I hate confrontation. I don’t like to get into hairy situations. And I certainly shy away from face-offs.
But this is one battle that I would like to see. In fact, this is one catfight that I sought to resolve in the span of three days. With the help of my happy tummy and lots of slurping, that is.
I was in the land of Macau, renowned for its casinos and gaudy bright lights. To me, Macau meant something else – unrestricted access to good food, and Portuguese egg tarts. But of course.
Otherwise known as pastéis de natas, these tarts were created in Portugal before the 18th century and have since garnered a huge following worldwide. Commonly sold in Chinese bakeries, I had thought that they were proudly Chinese when I was young and it was not until much later that I realised Portuguese egg tarts originated from Portugal. Very duh indeed.
Us under the care of C at Cafe Majestic, a 1920’s work of art
Years after chomping down mediocre Portuguese egg tarts in Singapore, I am glad to say that I have been introduced to well-mannered, properly made natas in Porto in June last year. This is all thanks to M’s friend, C, who invited us to her family home in Porto. Aside from the warm welcome we received from her family, we were very touched to be treated to a home-cooked Portuguese meal on our first night in Porto. Her father had gone to the pains of purchasing fresh octopus, just so he could make M’s favourite octopus stew, and C’s mum went out to buy all sorts of pastries because she had heard that I was a dessert enthusiast. We troubled C the most, who took us to beach bars, cafés and made sure we were extremely well-fed with local goodies. Portuguese egg tarts were, without a doubt, on the menu.
Us on the bridge that links Porto and Gaia
It was in Porto that I had my first bite of authentic Portuguese egg tarts. And it was also in Porto that I had the best tarts to ever grace Planet Earth in my lifetime. Funnily, the best ones were in a small café at the airport, but the seaside town of Porto boasts a phenomenal scattering of awesome cafés, where you can relax, people-watch in the beautiful breezes and indulge in an extraordinary Portuguese egg tart or two.

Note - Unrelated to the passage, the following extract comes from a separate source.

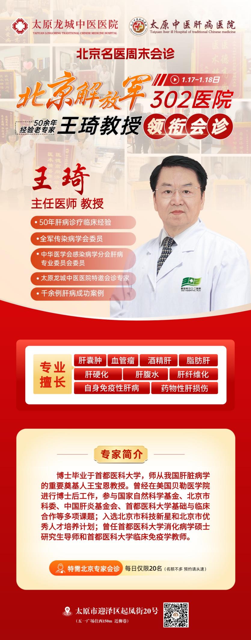 【会诊通知】1月17-18日,原解放军302医院王琦教授到院一对一会诊,制定个体化治疗方案

So what are good Portuguese egg tarts supposed to taste like? I am offering you a checklist here. Flaky, buttery, fragile-as-helluva pastry case. Warm, wobbly, caramelised (slightly burnt) and textured custard that isn’t too eggy or milky. The custard should be delightfully slurp-able, so like I said, texture is very important – it should be silky smooth and yet, slightly more bolus than regular egg tarts so when you bite into it, it goes down in easy barely-there blobs. Also, it should look painfully ugly. We don’t want smooth complexion here, we want patchy crinkles, a plump fertile body and even better, a hint of cellulite. Anorexic tarts are so not hot over here.
With this checklist in hand, I sauntered up and down the streets of Macau to hunt for the Portuguese egg tart. I visited Choi Heong Yuen, Koi Kei and Lord Stow’s Bakery. Koi Kei was unfortunately no match for the tarts from Choi Heong Yuen and Lord Stow’s. Koi Kei’s tarts had a painfully deflated pastry case and annoyingly sweet, dehydrated custard. It was however, difficult to decide on a winner between Choi Heong Yuen and Lord Stow’s. I had Lord Stow’s tarts when they were re-heated in my mum’s oven (yes, I lugged a dozen back to Singapore..), whilst Choi Heong Yuen’s were eaten freshly baked at one of its premises.
Sadly none of the tarts in Macau, however scrumptious, managed to re-create the Porto experience for me. Perhaps it was the vast blue skies and gentle, soothing breezes. Perhaps it was because of its relaxed seaside coffee culture. Perhaps it was C and her warm hospitality. The best Portuguese egg tarts I had were still from Porto. Yes, Porto wins ’em all.